To be precise, according to the American National Standards Institute’s specification for audiometers, the threshold of perception (measured at the ear) of a pure tone at 1 kHz is 6.5 dB relative to the standard 2 × 10-5 Pa. This sound pressure level corresponds to an acoustic pressure of 4.3 × 10^-10 atmospheres. The threshold generally is greater at frequencies that deviate from 1 kHz. For example, at 20 Hz the threshold is about 90 dB higher and at 20 kHz it is about 50 dB higher than that at 1 kHz. Although the frequency range of human hearing is generally stated as extending from 20 Hz to 20 kHz, the human ear actually is sensitive to a wider range.[1]

The standard threshold of perception applies to “young persons with no otological irregularities.” As we get older, our hearing sensitivity at frequencies above a few kHz decreases, causing older people to have increasing difficulty distinguishing ‘t’ from ‘p’ and ‘s’ from ‘f’ sounds, for example. Unfortunately, much information content of spoken sounds lies in this range. To quote Bies and Hansen[2], “Old folks may not laugh as readily at jokes, not because of a jaded sense of humor, but rather because they missed the punchline” – I assume they meant due to a hearing loss.
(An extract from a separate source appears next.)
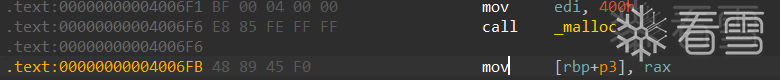 然后malloc函数会从top_chunk获取chunk,那么p1的地址就已经和p3指向同一块地址了。

The threshold of pain due to sound in the audio frequency range is about 145 dB, corresponding to a sound pressure of the order of 0.004 atmospheres. In the infrasound range, below 20 Hz, the pain threshold is higher. As discussed by von Gierke and Nixon[3] intense infrasound typically is more felt than heard. It may cause dizziness, coughing, breathing problems and localized pain, but generally has no effect on hearing. Intense ultrasound (above about 17 kHz) can cause headaches, tinnitus (a spontaneous ringing sensation in the ears) and malaise, but its detrimental effect on hearing has not been generally demonstrated. These adverse effects on ultrasound occur only in people who can hear these high -frequency sounds; those of us who are older are safe.
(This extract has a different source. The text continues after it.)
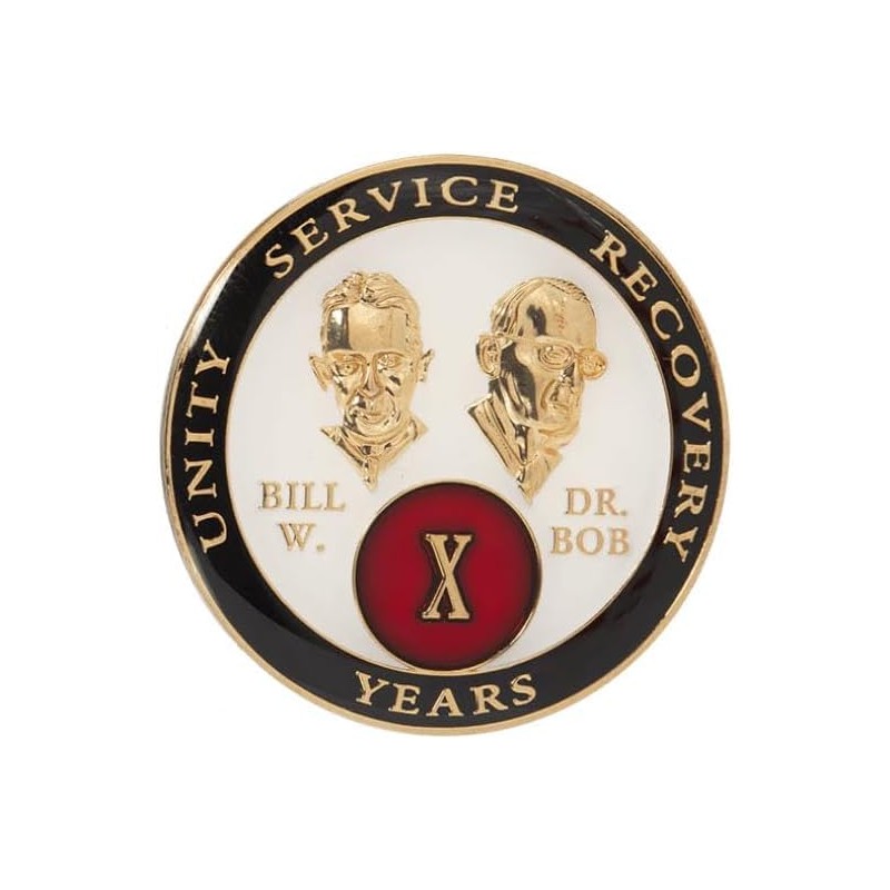 2 Year AA Founders Medallion Red and White Tri-Plate Sobriety Chip

[1] Peter Narins, Professor of Physiological Science at UCLA, took me to task – and rightfully so – regarding the statement I made to the effect that the threshold of hearing corresponds to 6.5 dB.  He pointed out that the hearing of about 1.5 million visitors was tested at a Bell Telephone exhibit at the 1938 New York World’s Fair and it was determined that at 1 kHz the average sound pressure to evoke a threshold sensation was 0.0002 dynes per square centimeter. This value has since been used as the standard reference sound pressure, in reference to which the hearing threshold corresponds to 0 dB. This is correct, of course. The 6.5 dB I cited corresponds to the threshold sound pressure measured at the eardrum. The external ear provides amplification, enabling us to perceive at the eardrum a pressure that corresponds to an external sound pressure of 0 dB. (For more details see Chapter 123, “Hearing Thresholds” by W. A. Yost and M. C. Killion, in the Encyclopedia of Acoustics, edited by M. J. Crocker, John Wiley & Sons, Inc., 1997.)

[2] Engineering Noise Control, D. Bies and C. H. Hansen, Unwin Hyman Ltd., 1988.

[3] “Damage Risk Criteria for Hearing and Human Body Vibration,” H. E. von Gierke and C. W. Nixon, Chapter 16 of Noise and Vibration Control Engineering, L. L. Beranek and I. L. Ver, Eds., John Wiley & Sons, Inc. 1992.